§ **TASK MATERIAL**:

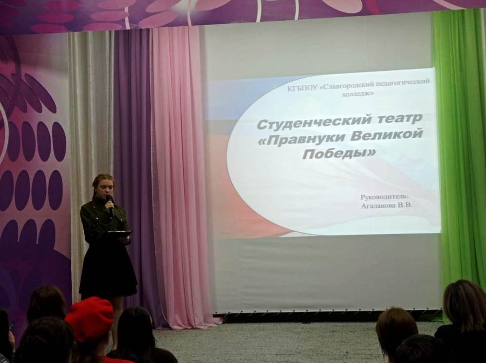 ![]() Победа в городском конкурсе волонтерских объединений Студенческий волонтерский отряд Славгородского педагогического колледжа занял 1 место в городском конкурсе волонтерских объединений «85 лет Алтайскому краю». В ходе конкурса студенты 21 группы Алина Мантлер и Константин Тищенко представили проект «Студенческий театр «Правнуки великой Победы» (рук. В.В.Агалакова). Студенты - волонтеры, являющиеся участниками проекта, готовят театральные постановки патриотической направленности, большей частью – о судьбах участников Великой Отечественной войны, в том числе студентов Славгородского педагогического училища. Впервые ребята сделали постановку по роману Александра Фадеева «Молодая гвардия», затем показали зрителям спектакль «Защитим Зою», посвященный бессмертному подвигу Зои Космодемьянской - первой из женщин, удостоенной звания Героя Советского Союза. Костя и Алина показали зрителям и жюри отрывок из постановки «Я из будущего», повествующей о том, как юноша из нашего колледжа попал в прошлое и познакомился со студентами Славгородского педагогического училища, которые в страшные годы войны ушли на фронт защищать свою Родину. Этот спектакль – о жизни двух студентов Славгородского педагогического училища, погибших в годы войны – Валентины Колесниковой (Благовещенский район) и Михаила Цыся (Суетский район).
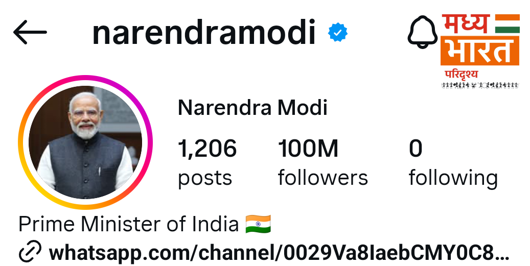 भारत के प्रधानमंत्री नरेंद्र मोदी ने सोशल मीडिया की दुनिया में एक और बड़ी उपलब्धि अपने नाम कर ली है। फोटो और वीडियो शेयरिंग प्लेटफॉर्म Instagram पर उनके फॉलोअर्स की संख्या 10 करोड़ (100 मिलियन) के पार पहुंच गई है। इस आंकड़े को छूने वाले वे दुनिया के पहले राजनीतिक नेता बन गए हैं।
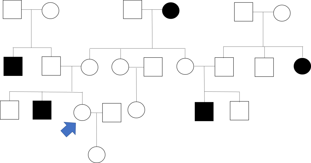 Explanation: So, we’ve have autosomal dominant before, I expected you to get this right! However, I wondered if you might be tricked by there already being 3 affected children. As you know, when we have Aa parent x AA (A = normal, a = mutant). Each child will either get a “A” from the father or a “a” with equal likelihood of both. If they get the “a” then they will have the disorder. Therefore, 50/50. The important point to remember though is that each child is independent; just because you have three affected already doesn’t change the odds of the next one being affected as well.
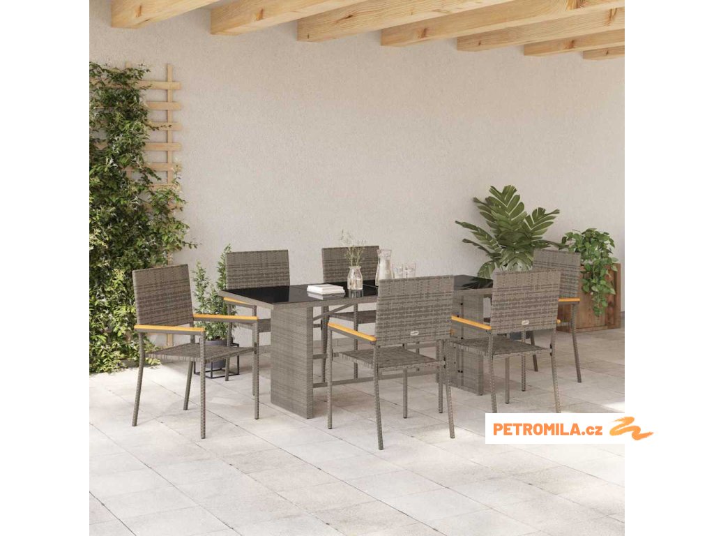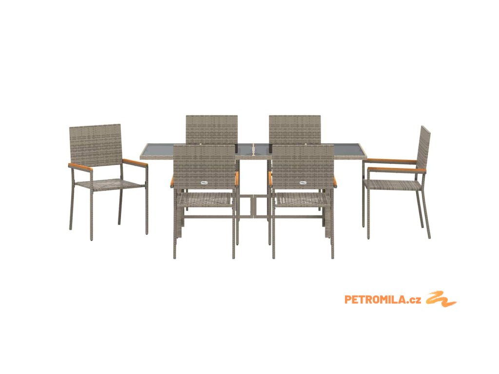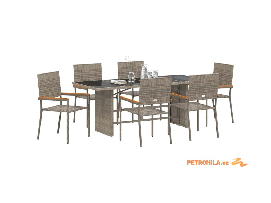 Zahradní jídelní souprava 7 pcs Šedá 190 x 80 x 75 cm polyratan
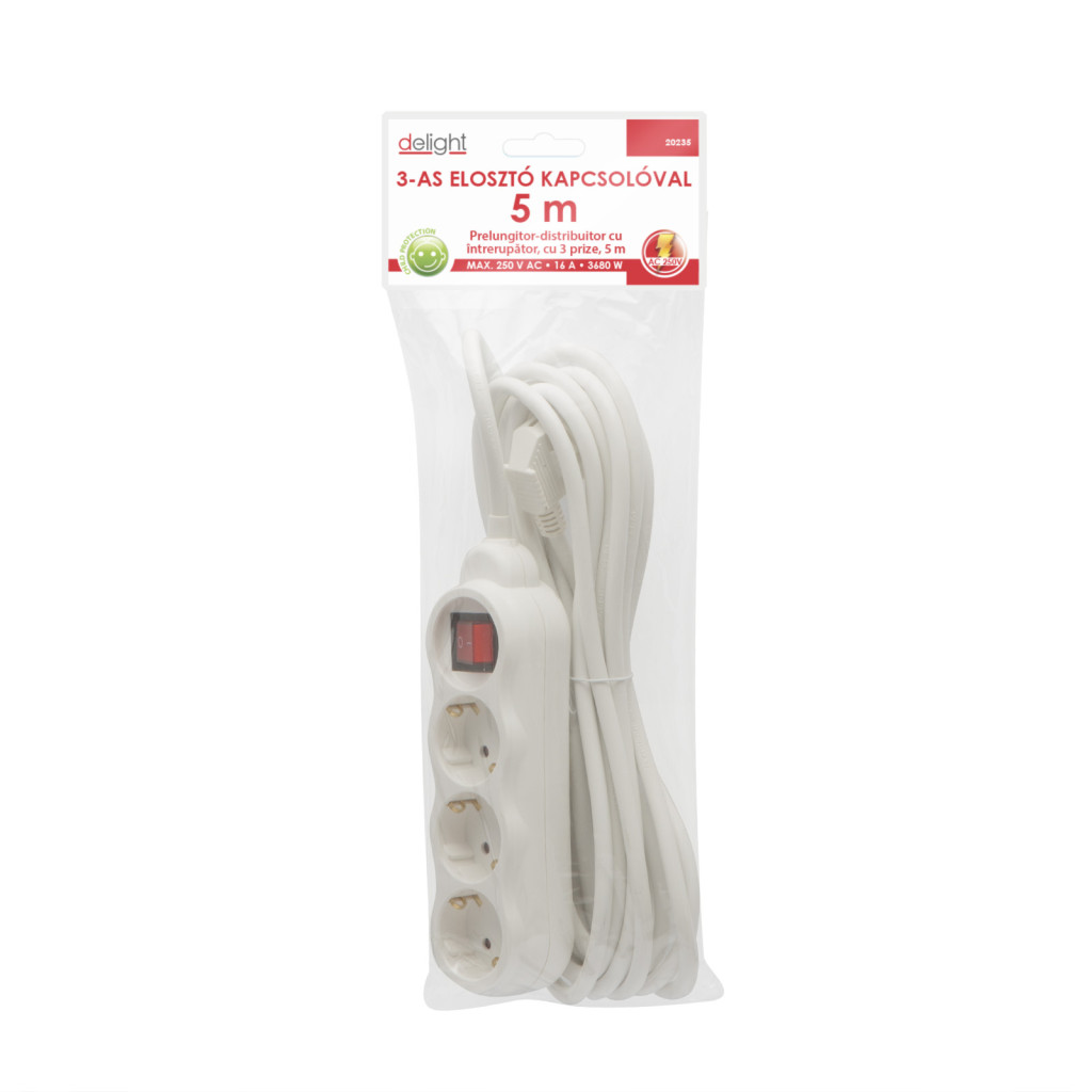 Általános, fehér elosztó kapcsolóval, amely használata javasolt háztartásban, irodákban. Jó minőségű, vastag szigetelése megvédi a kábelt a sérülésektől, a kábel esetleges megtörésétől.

==

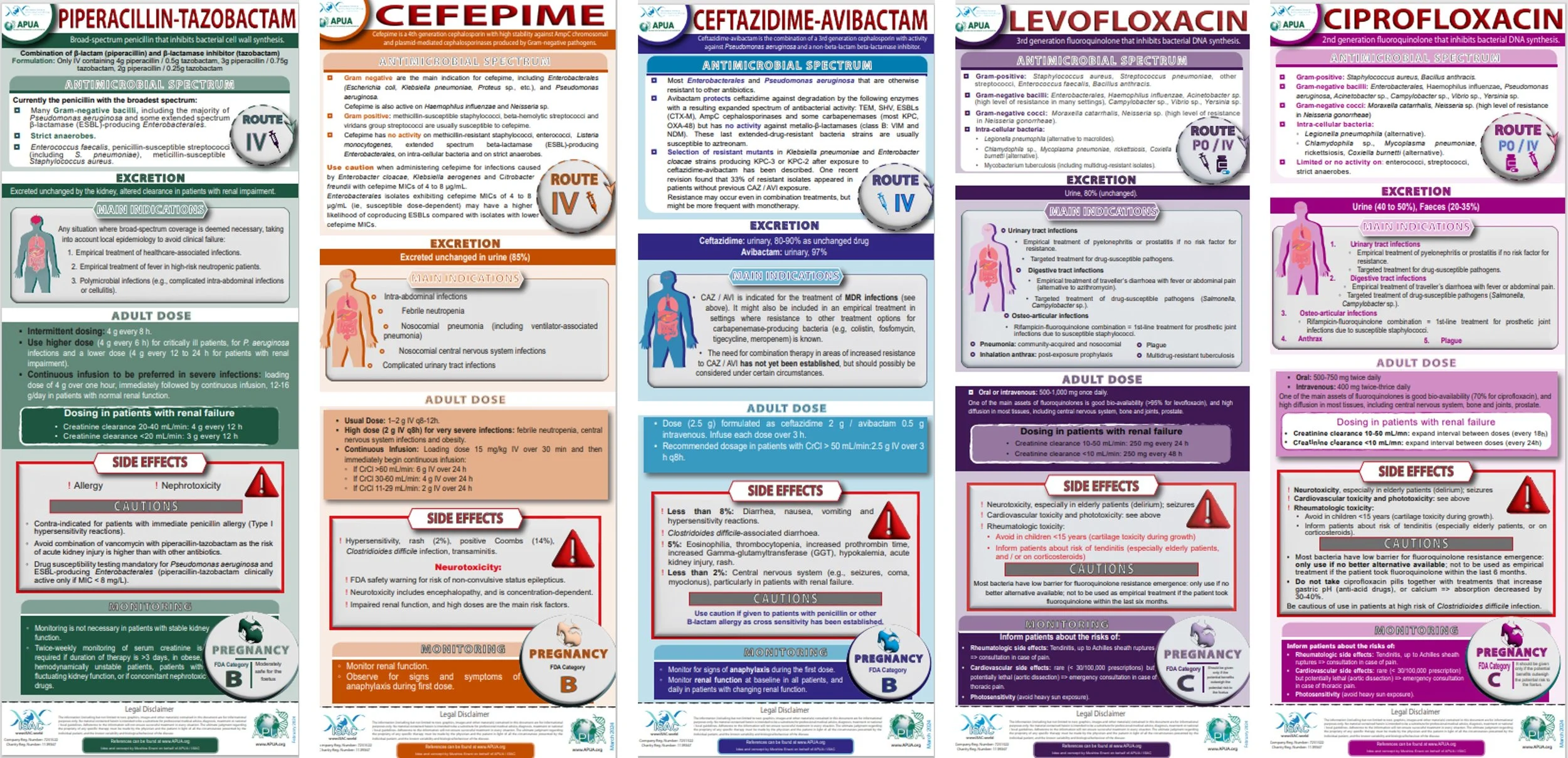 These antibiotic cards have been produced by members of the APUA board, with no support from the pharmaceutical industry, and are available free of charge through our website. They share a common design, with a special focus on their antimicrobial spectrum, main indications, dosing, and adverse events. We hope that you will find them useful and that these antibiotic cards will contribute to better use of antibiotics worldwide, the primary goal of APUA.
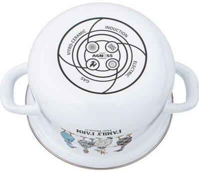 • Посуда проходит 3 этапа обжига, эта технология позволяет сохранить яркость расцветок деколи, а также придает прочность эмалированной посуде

§ **INSTRUCTIONS FOR THE TASK**: Line for line, output the entries above from the line with "Цыся (Суетский район)." to the line with "भारत के प्रधानमंत्री", both included, and nothing more. Skip pictures.

§ **REPLY TO THE TASK**:
 ![]() Победа в городском конкурсе волонтерских объединений Студенческий волонтерский отряд Славгородского педагогического колледжа занял 1 место в городском конкурсе волонтерских объединений «85 лет Алтайскому краю». В ходе конкурса студенты 21 группы Алина Мантлер и Константин Тищенко представили проект «Студенческий театр «Правнуки великой Победы» (рук. В.В.Агалакова). Студенты - волонтеры, являющиеся участниками проекта, готовят театральные постановки патриотической направленности, большей частью – о судьбах участников Великой Отечественной войны, в том числе студентов Славгородского педагогического училища. Впервые ребята сделали постановку по роману Александра Фадеева «Молодая гвардия», затем показали зрителям спектакль «Защитим Зою», посвященный бессмертному подвигу Зои Космодемьянской - первой из женщин, удостоенной звания Героя Советского Союза. Костя и Алина показали зрителям и жюри отрывок из постановки «Я из будущего», повествующей о том, как юноша из нашего колледжа попал в прошлое и познакомился со студентами Славгородского педагогического училища, которые в страшные годы войны ушли на фронт защищать свою Родину. Этот спектакль – о жизни двух студентов Славгородского педагогического училища, погибших в годы войны – Валентины Колесниковой (Благовещенский район) и Михаила Цыся (Суетский район).
 भारत के प्रधानमंत्री नरेंद्र मोदी ने सोशल मीडिया की दुनिया में एक और बड़ी उपलब्धि अपने नाम कर ली है। फोटो और वीडियो शेयरिंग प्लेटफॉर्म Instagram पर उनके फॉलोअर्स की संख्या 10 करोड़ (100 मिलियन) के पार पहुंच गई है। इस आंकड़े को छूने वाले वे दुनिया के पहले राजनीतिक नेता बन गए हैं।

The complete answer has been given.